* **EXERCISE BRIEF**: Whatever pictures appear, omit them, and repeat the data below exactly.

* **GIVEN RECORDS**:
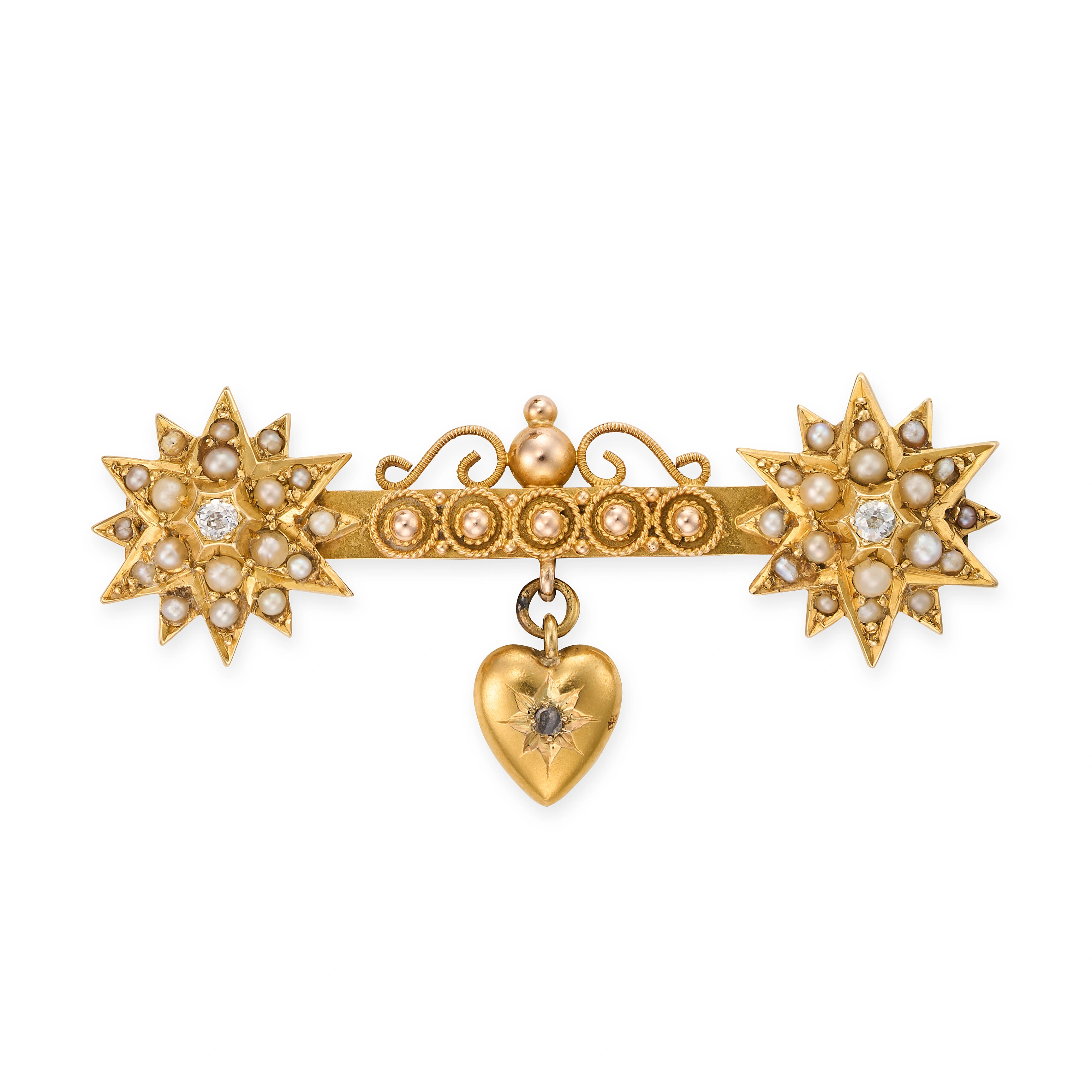 NO RESERVE - AN ANTIQUE VICTORIAN PEARL AND DIAMON ...
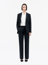 Product Details - 54% Recycled Polyester, 44% Wool, 2% Elastane - Slim Straight Fit - Trousers with mid-waist and straight leg - Recycled polyester wool blend with plain weave - Wrinkle resistant, packable fabric - Zip, hook and bar closure - Slanted pockets at front - Welt pockets at back - Made in Romania - Model is 179 cm and wearing a size 36 - Art No.109798284
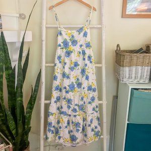 Faithful the Brand Candace Midi Dress in blue floral on white cotton. Adjustable spaghetti straps with tie back and elastic at back waist for better fit. Fully lined in white. Size L. Length measures 38” from armpit to hem; 17” from armpit to armpit across front flat (just under bust-back of bust is adjustable tie).
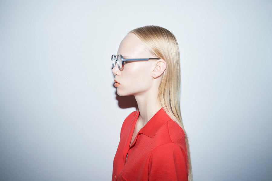 TWO FACE is eyewear that features unique lines created by assembling flat metal in three dimensions. It offers different appearances of the wearer when seen from the front and from the side. The bold shape of the lens is defined by the design and structure that adds character to the look.
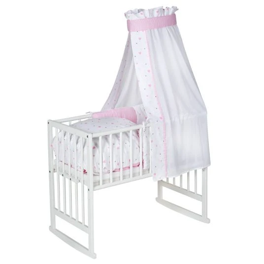 Kuschelweich und extra gemütlich wird die Multifunktionswiege durch den romantischen, schleierartigen Himmel, das weiche Nestchen und die wunderschöne Bettwäsche im Design Herzchen Rosa
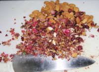 While you're waiting for the peel to boil, you can start chopping the citron, dried fruit and dates. If you don't have or can't get citron, just substitute more candied peel, —mixed half and half with marachino cherries, if you happen to have them on hand. For the stollen in these pictures, I substituted 1/2 C korean red dates (which aren't that great for eating, but surely stick to the knife less than deglet noors, which gives ’em my vote for cooking) and 1/2 C dried (sweetened, sigh) cranberries for the raisins.
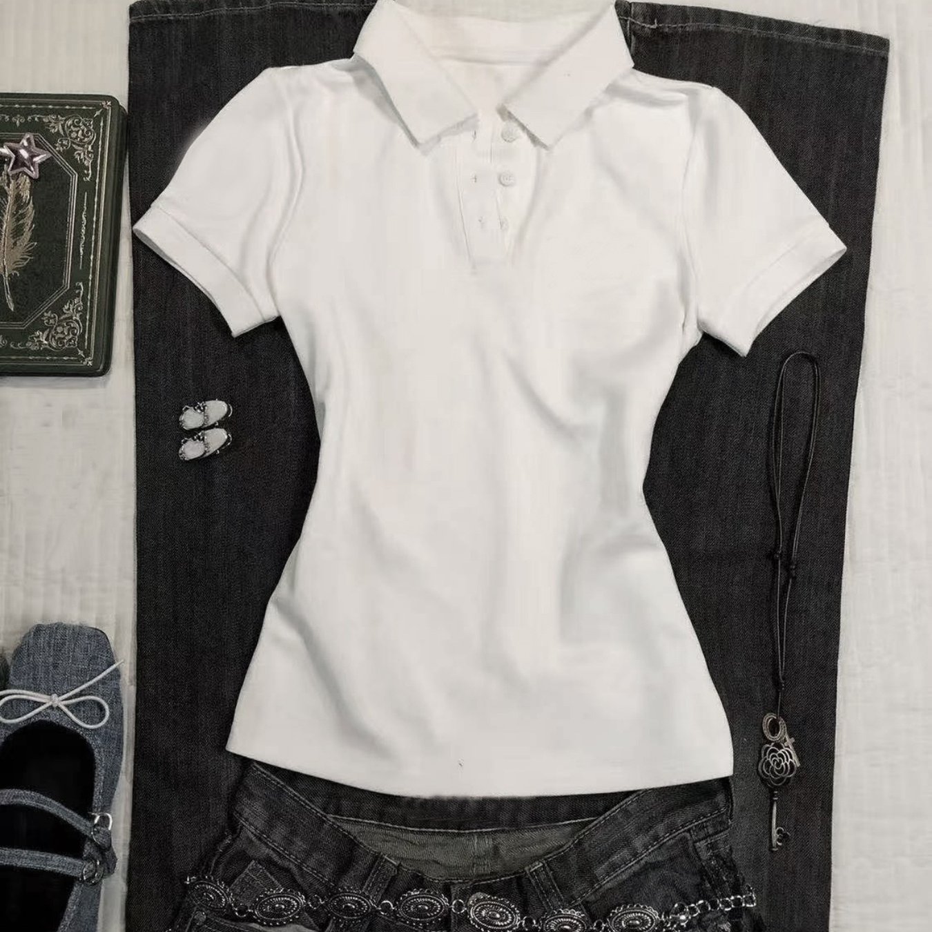 TEMU 여성 Y2K 스타일 V넥 반팔 폴로 셔츠 - 반팔, 핏 디자인, 레터 프린트, 캐주얼 스타일, 여성 티셔츠.
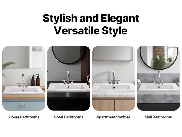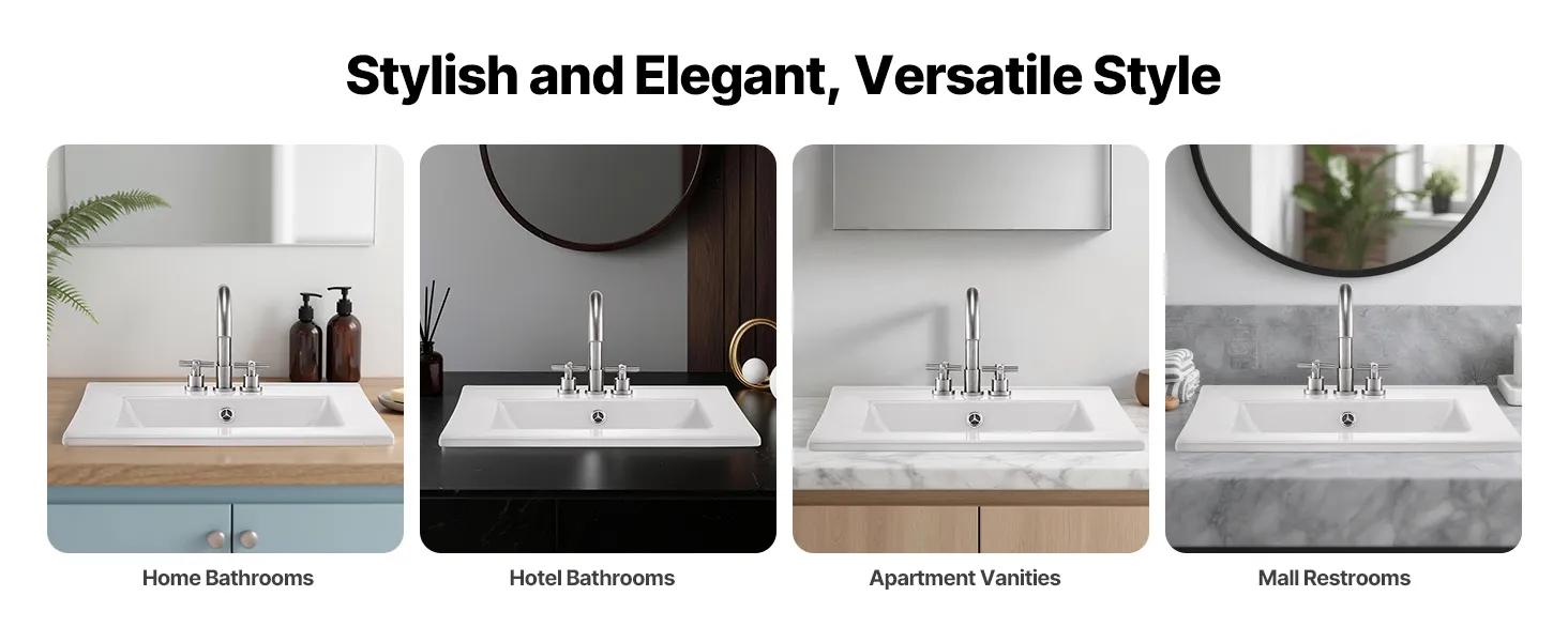 Our bathroom drop in sink features a stylish, elegant look, blending seamlessly with any space—from compact apartments and hotels to luxury homes and malls. Add a touch of sophistication for various home styles.
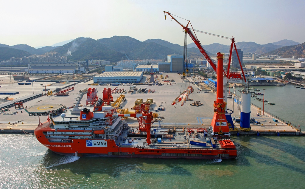該碼頭配備了有“亞洲第一吊”之稱,起吊能力達(dá)2400噸的移動(dòng)式高空吊,吊機(jī)在移動(dòng)行走時(shí)裝配荷載大大超過(guò)常規(guī),這對(duì)碼頭施工水準(zhǔn)是一大挑戰(zhàn)。
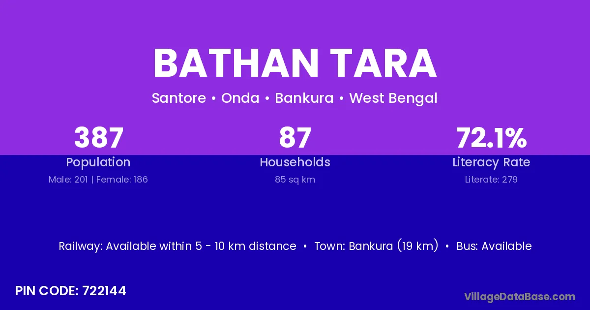Bankura (19 km) is the nearest town to Bathan Tara village for major economic activities and is located approximately 19 km away.
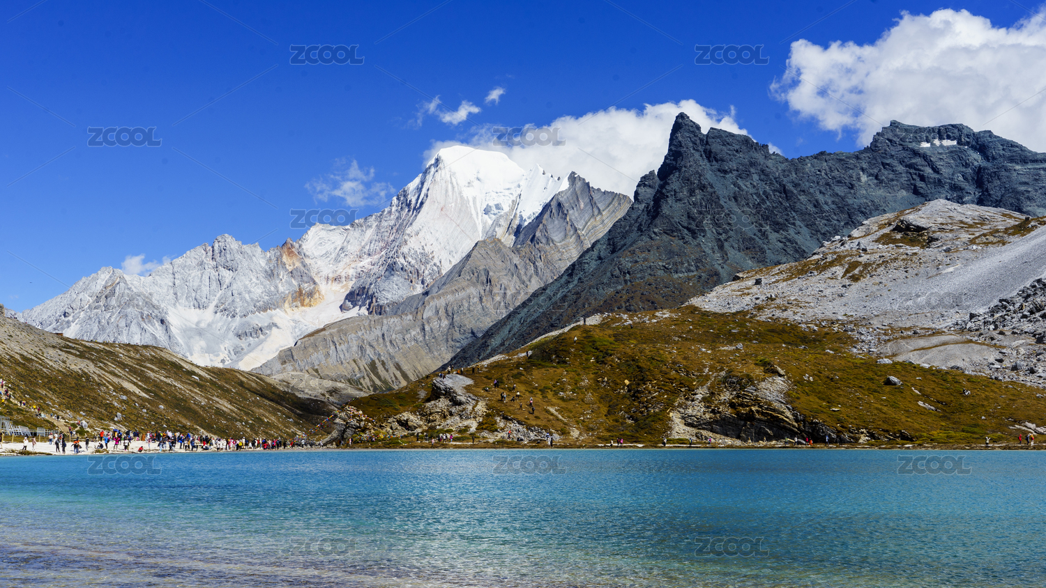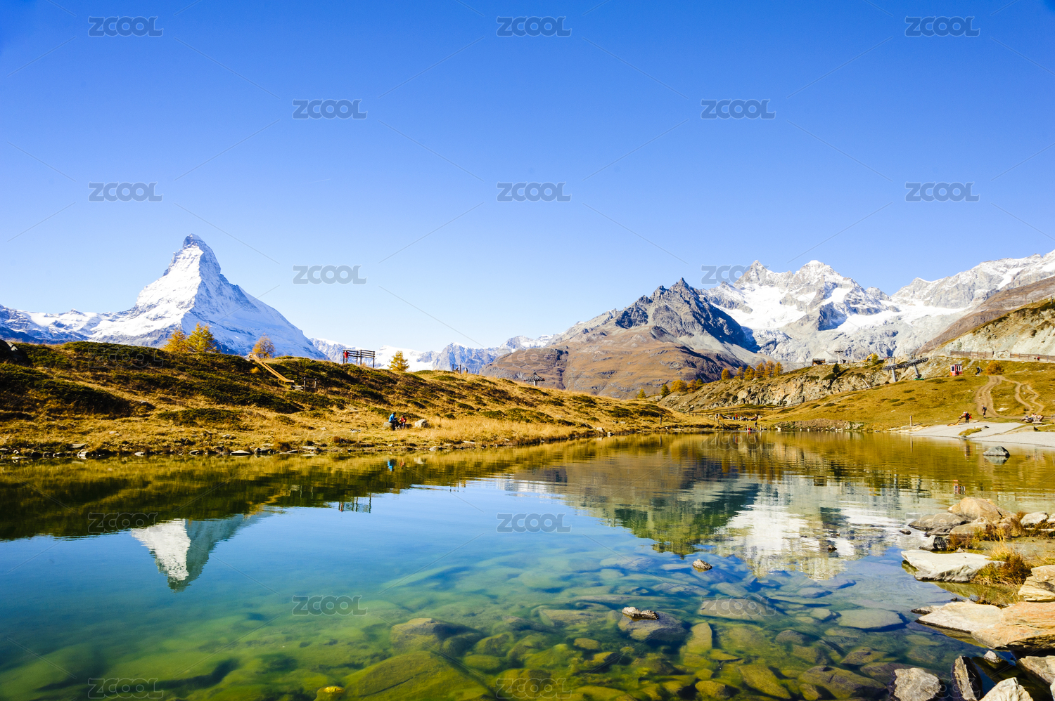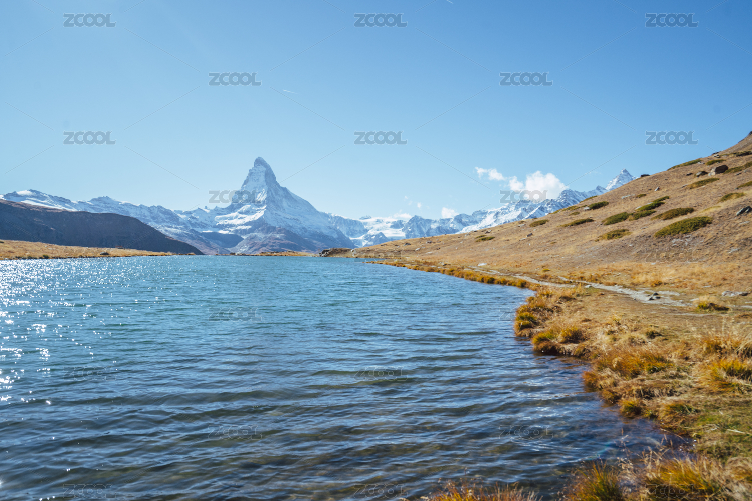 雄伟的瑞士马特洪峰雪山与美丽的高山湖泊

* **OUTPUT FOR THIS TASK**:
 NO RESERVE - AN ANTIQUE VICTORIAN PEARL AND DIAMON ...
 Product Details - 54% Recycled Polyester, 44% Wool, 2% Elastane - Slim Straight Fit - Trousers with mid-waist and straight leg - Recycled polyester wool blend with plain weave - Wrinkle resistant, packable fabric - Zip, hook and bar closure - Slanted pockets at front - Welt pockets at back - Made in Romania - Model is 179 cm and wearing a size 36 - Art No.109798284
 Faithful the Brand Candace Midi Dress in blue floral on white cotton. Adjustable spaghetti straps with tie back and elastic at back waist for better fit. Fully lined in white. Size L. Length measures 38” from armpit to hem; 17” from armpit to armpit across front flat (just under bust-back of bust is adjustable tie).
 TWO FACE is eyewear that features unique lines created by assembling flat metal in three dimensions. It offers different appearances of the wearer when seen from the front and from the side. The bold shape of the lens is defined by the design and structure that adds character to the look.
 Kuschelweich und extra gemütlich wird die Multifunktionswiege durch den romantischen, schleierartigen Himmel, das weiche Nestchen und die wunderschöne Bettwäsche im Design Herzchen Rosa
 While you're waiting for the peel to boil, you can start chopping the citron, dried fruit and dates. If you don't have or can't get citron, just substitute more candied peel, —mixed half and half with marachino cherries, if you happen to have them on hand. For the stollen in these pictures, I substituted 1/2 C korean red dates (which aren't that great for eating, but surely stick to the knife less than deglet noors, which gives ’em my vote for cooking) and 1/2 C dried (sweetened, sigh) cranberries for the raisins.
 TEMU 여성 Y2K 스타일 V넥 반팔 폴로 셔츠 - 반팔, 핏 디자인, 레터 프린트, 캐주얼 스타일, 여성 티셔츠.
 Our bathroom drop in sink features a stylish, elegant look, blending seamlessly with any space—from compact apartments and hotels to luxury homes and malls. Add a touch of sophistication for various home styles.
該碼頭配備了有“亞洲第一吊”之稱,起吊能力達(dá)2400噸的移動(dòng)式高空吊,吊機(jī)在移動(dòng)行走時(shí)裝配荷載大大超過(guò)常規(guī),這對(duì)碼頭施工水準(zhǔn)是一大挑戰(zhàn)。
Bankura (19 km) is the nearest town to Bathan Tara village for major economic activities and is located approximately 19 km away.
 雄伟的瑞士马特洪峰雪山与美丽的高山湖泊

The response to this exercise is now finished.